Bug 819416

Summary: libvirtd looses network configuration, bridges remain
Product: Red Hat Enterprise Linux 6 Reporter: Ilkka Tengvall <ikke>
Component: libvirtAssignee: Laine Stump <laine>
Status: CLOSED WONTFIX QA Contact: Virtualization Bugs <virt-bugs>
Severity: unspecified Docs Contact:
Priority: unspecified    
Version: 6.2CC: acathrow, cwei, dallan, danken, dyuan, laine, mzhan, pcfe, shyu, ydu
Target Milestone: rcKeywords: Upstream
Target Release: ---   
Hardware: x86_64   
OS: Linux   
Whiteboard:
Fixed In Version: Doc Type: Bug Fix
Doc Text:
Story Points: ---
Clone Of:
: 947385 (view as bug list) Environment:
Last Closed: 2014-04-04 21:01:08 UTC Type: Bug
Regression: --- Mount Type: ---
Documentation: --- CRM:
Verified Versions: Category: ---
oVirt Team: --- RHEL 7.3 requirements from Atomic Host:
Cloudforms Team: --- Target Upstream Version:
Embargoed:
Bug Depends On:    
Bug Blocks: 494837, 782183    

Description Ilkka Tengvall 2012-05-07 07:32:55 UTC
Description of problem:

I create three host-only networks for setting up a cluster inside KVM. I install the guests using virt-install.
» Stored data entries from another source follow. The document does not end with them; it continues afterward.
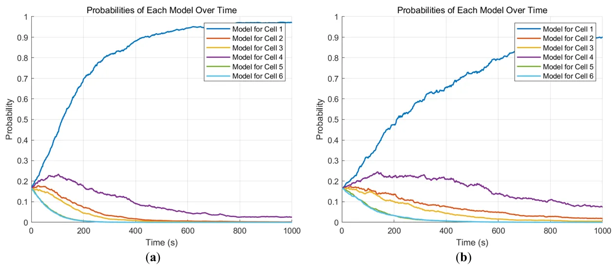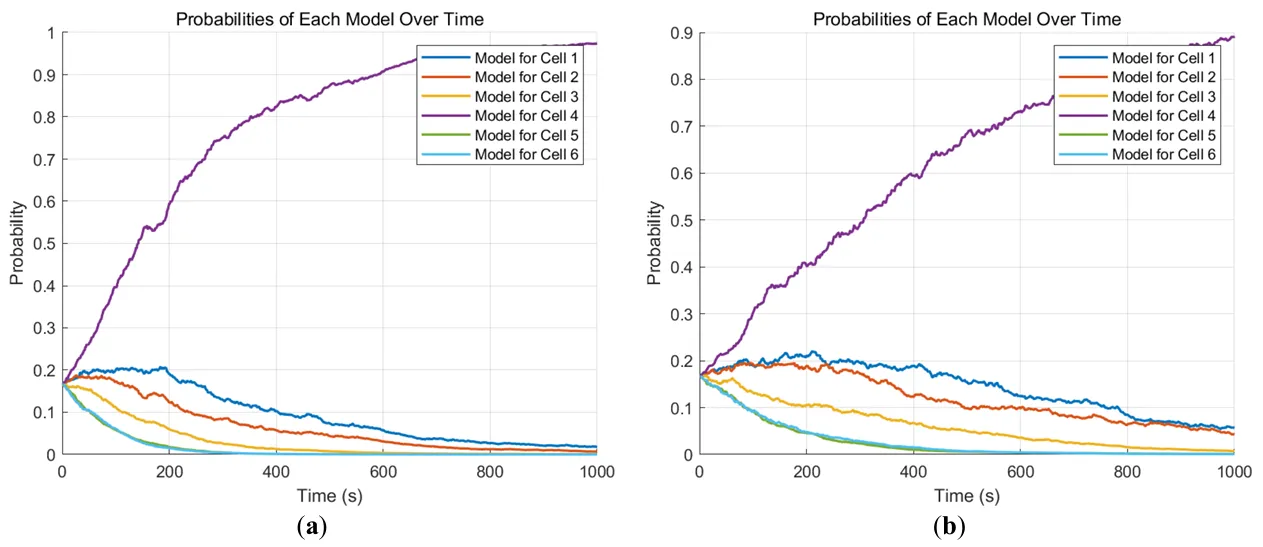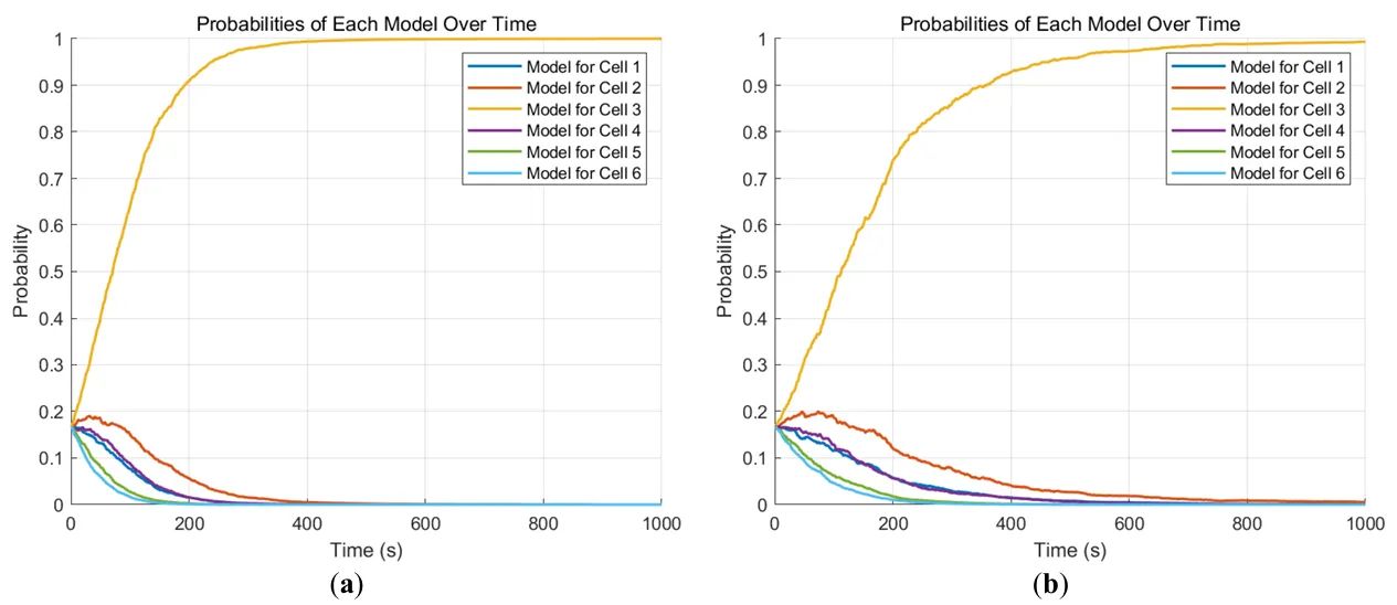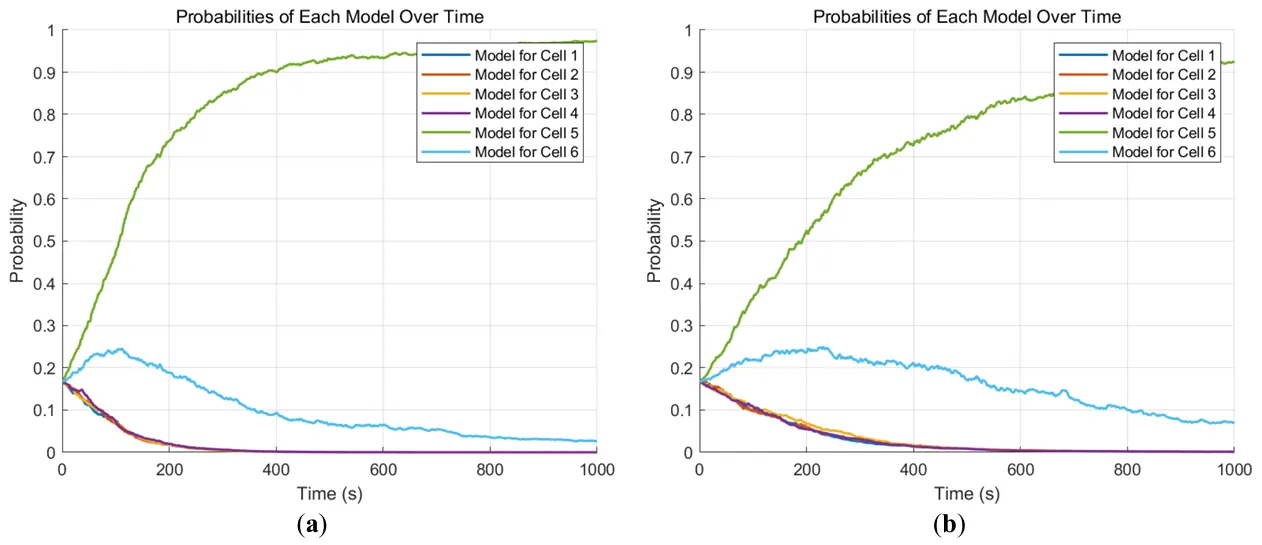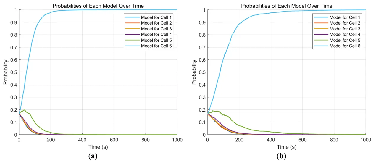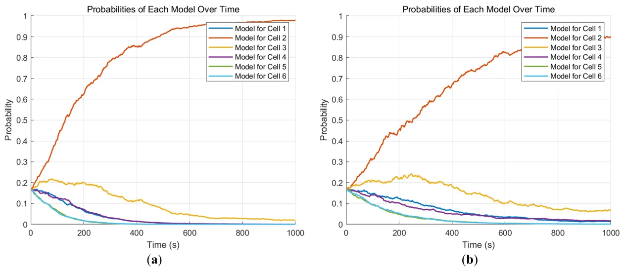 . Probability of the six augmented models when the PV connector # 2 is abnormally overheated, (<b>a</b>) 5 W heating power; (<b>b</b>) 3 W heating power.
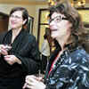 Susan Gregson (L) and Heather Crudin during a performance by Indo-Canadian singer Kiran Ahluwalia at the home of the high commissioner of Canada in India, Stewart G Beck, and his wife Brenda. (BCCL/Nitin Malik)
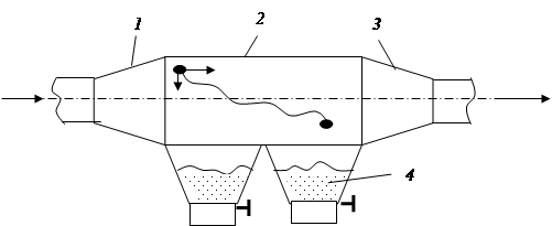 1 – входной патрубок; 2 – корпус; 3 – выходной патрубок; 4 – бункер.
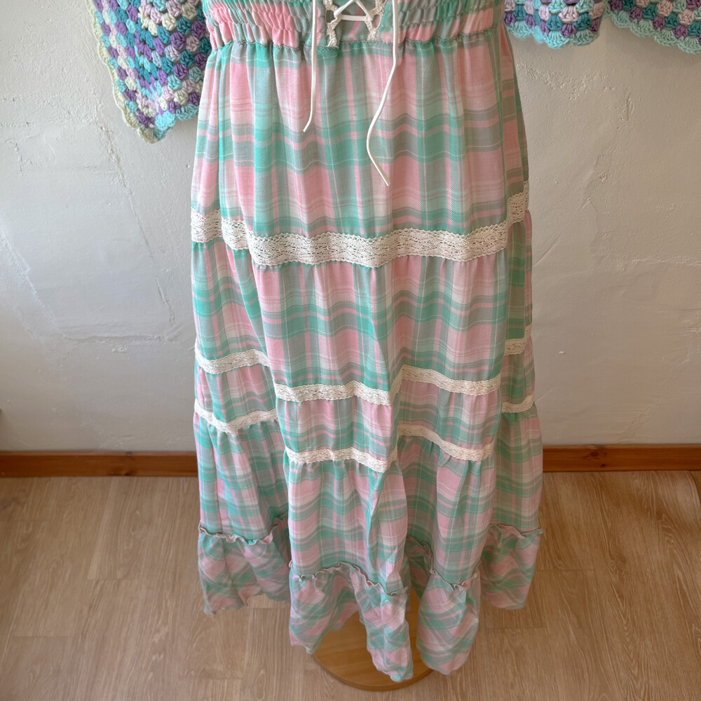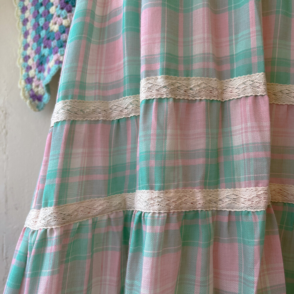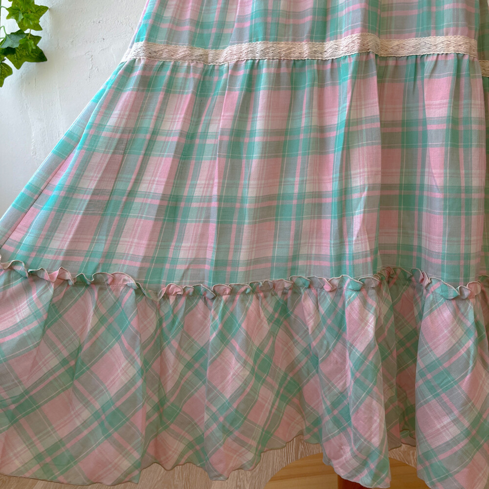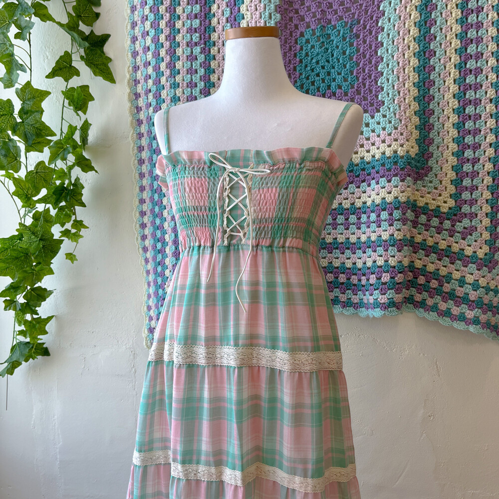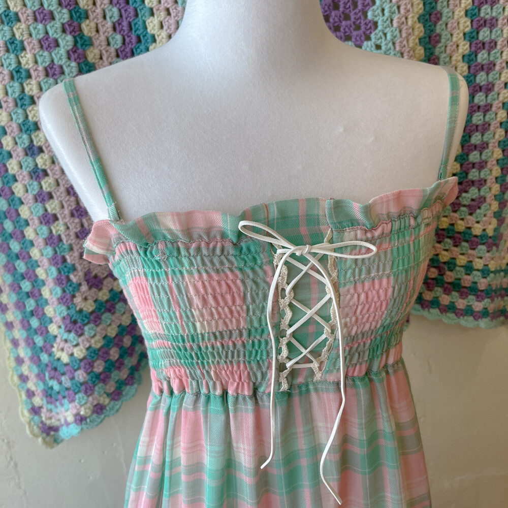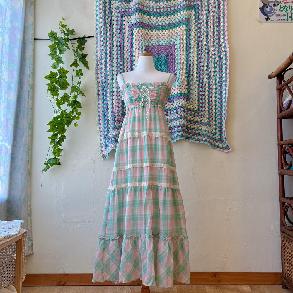 달콤한 색감의 체크 아일렛 끈원피스예요
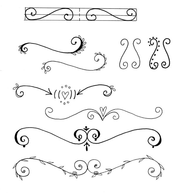 4. Curled accents and scrolls, which require some preparatory sketches for them to be symmetrical:
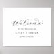 Cette affiche élégante de bienvenue mariage de script est parfaite pour un mariage simple. Le design minimaliste noir et blanc présente une typographie romantique avec style glamour moderne. Personnalisable dans n'importe quelle couleur. Gardez le design minimal et élégant, tel quel, ou personnalisez-le en ajoutant vos propres graphiques et artwork. Customisez l'affiche avec le nom de la mariée et du marié, et la date du mariage.
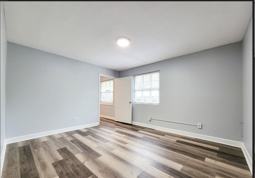 Lovely 2 Bedroom apartment featuring a spacious kitchen with stainless steel appliances, bright cabinets, new countertops, plank flooring, and new bathroom vanities and light fixtures.
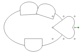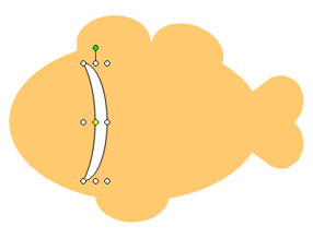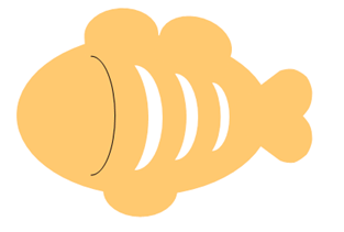 楕円、ハート、論理積ゲートなどを組み合わせて、魚の絵を描いてみましょう。えらの形は円弧でなく月を使って描いてみます。
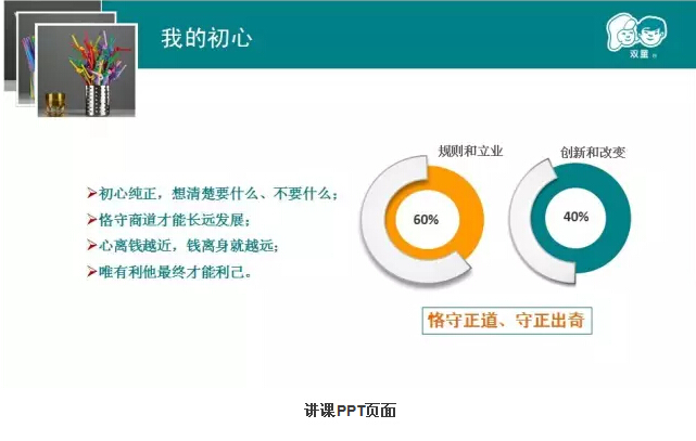 樓總認(rèn)真地準(zhǔn)備了PPT,講述了他的“匠人”之心。從早期創(chuàng)業(yè)過(guò)程的搖擺不定談到雙童吸管發(fā)展的堅(jiān)定;從開(kāi)始的規(guī)?;笈可a(chǎn)講到差異化和品牌化經(jīng)營(yíng),從小商思維談到經(jīng)營(yíng)哲學(xué);他回顧了雙童吸管二十多年的發(fā)展歷程,講到了他所推崇和堅(jiān)持的“三心”,也道出了吸管大王背后的堅(jiān)守和追求。
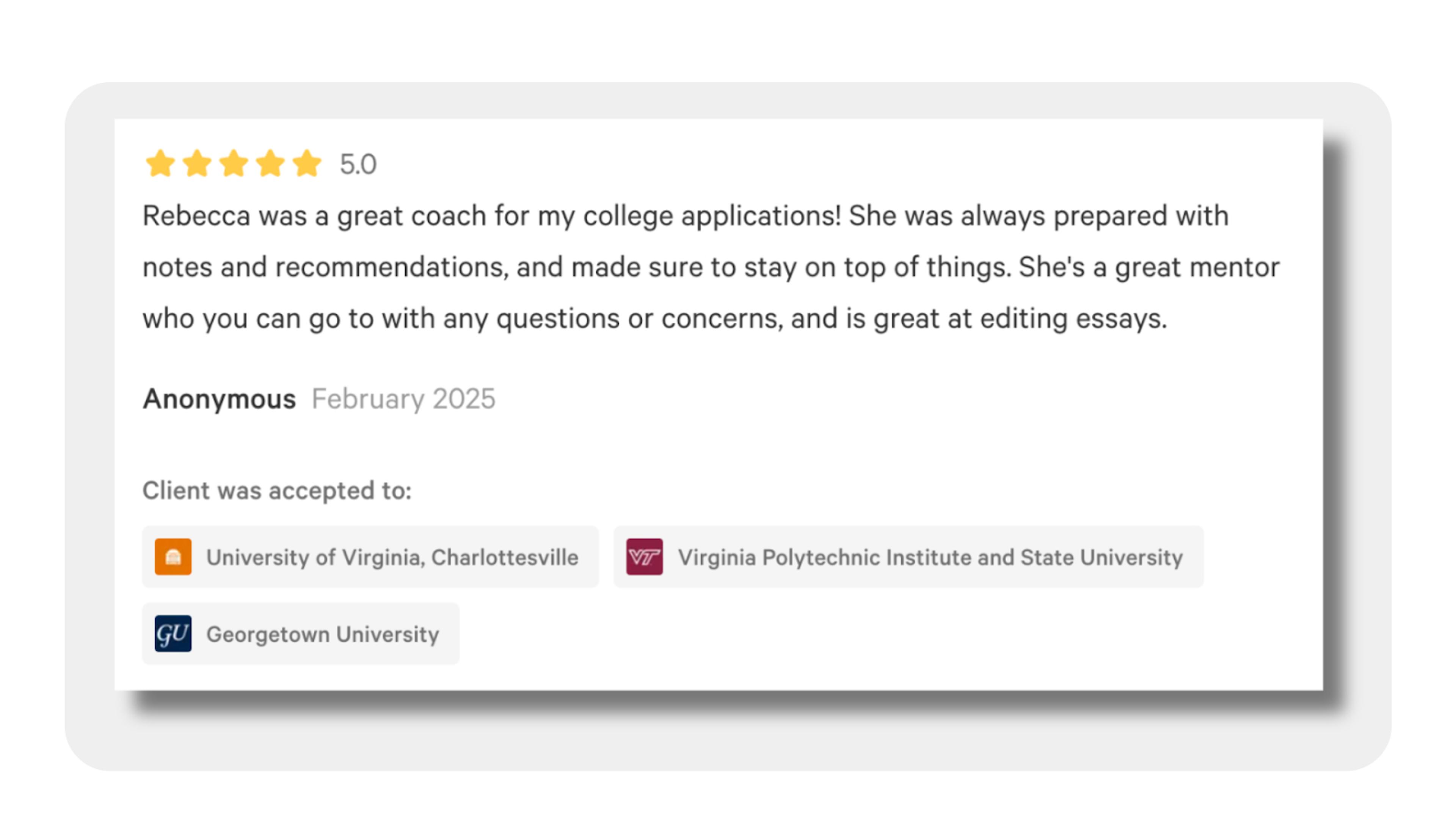 Rebecca L. | ⭐⭐⭐⭐⭐ | 300+ | University of Virginia, Georgetown, Virginia Polytechnic Institute |
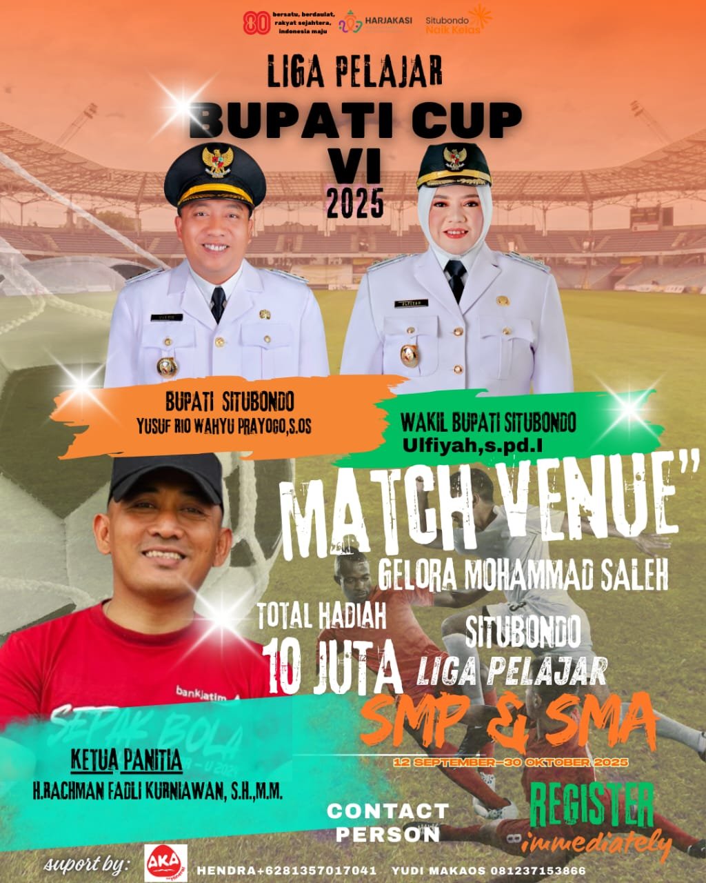 “Melalui Liga Pelajar Bupati Cup VI, kami ingin menanamkan nilai disiplin, sportivitas, dan semangat kebersamaan kepada para pelajar Situbondo,” ujarnya, Sabtu (6/9/2025).
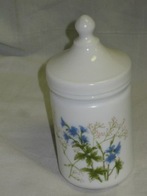 Nice Milk Glass With Flower Q-Tip Holder-Jar/Lid-France

After the guest is taken down, the network disappears from virsh net-list --all. But the xml file remains in /var/lib/libvirtd/networks/ and the bridges and virtual nics are in place. But since network is not visible for libvirtd, it refuses to re-start the guest due a missing network.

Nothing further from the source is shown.